SOURCE INFORMATION:
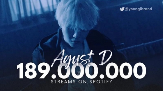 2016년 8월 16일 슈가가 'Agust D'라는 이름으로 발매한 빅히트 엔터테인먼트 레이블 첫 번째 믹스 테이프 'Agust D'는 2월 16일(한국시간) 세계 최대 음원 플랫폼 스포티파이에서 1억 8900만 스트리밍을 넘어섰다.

* * *

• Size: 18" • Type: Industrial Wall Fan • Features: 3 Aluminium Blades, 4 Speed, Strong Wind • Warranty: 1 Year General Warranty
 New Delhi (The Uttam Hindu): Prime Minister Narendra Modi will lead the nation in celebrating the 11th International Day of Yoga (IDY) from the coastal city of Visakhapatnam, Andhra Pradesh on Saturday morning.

==

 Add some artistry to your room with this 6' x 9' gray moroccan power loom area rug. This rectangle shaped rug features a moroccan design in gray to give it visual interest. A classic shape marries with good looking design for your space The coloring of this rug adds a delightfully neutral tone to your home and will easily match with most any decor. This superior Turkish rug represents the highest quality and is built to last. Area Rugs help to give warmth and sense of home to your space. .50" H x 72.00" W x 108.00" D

PROMPT:
Only the number is wanted: how many lines in the data include the string "will"?

EXERCISE SOLUTION:
2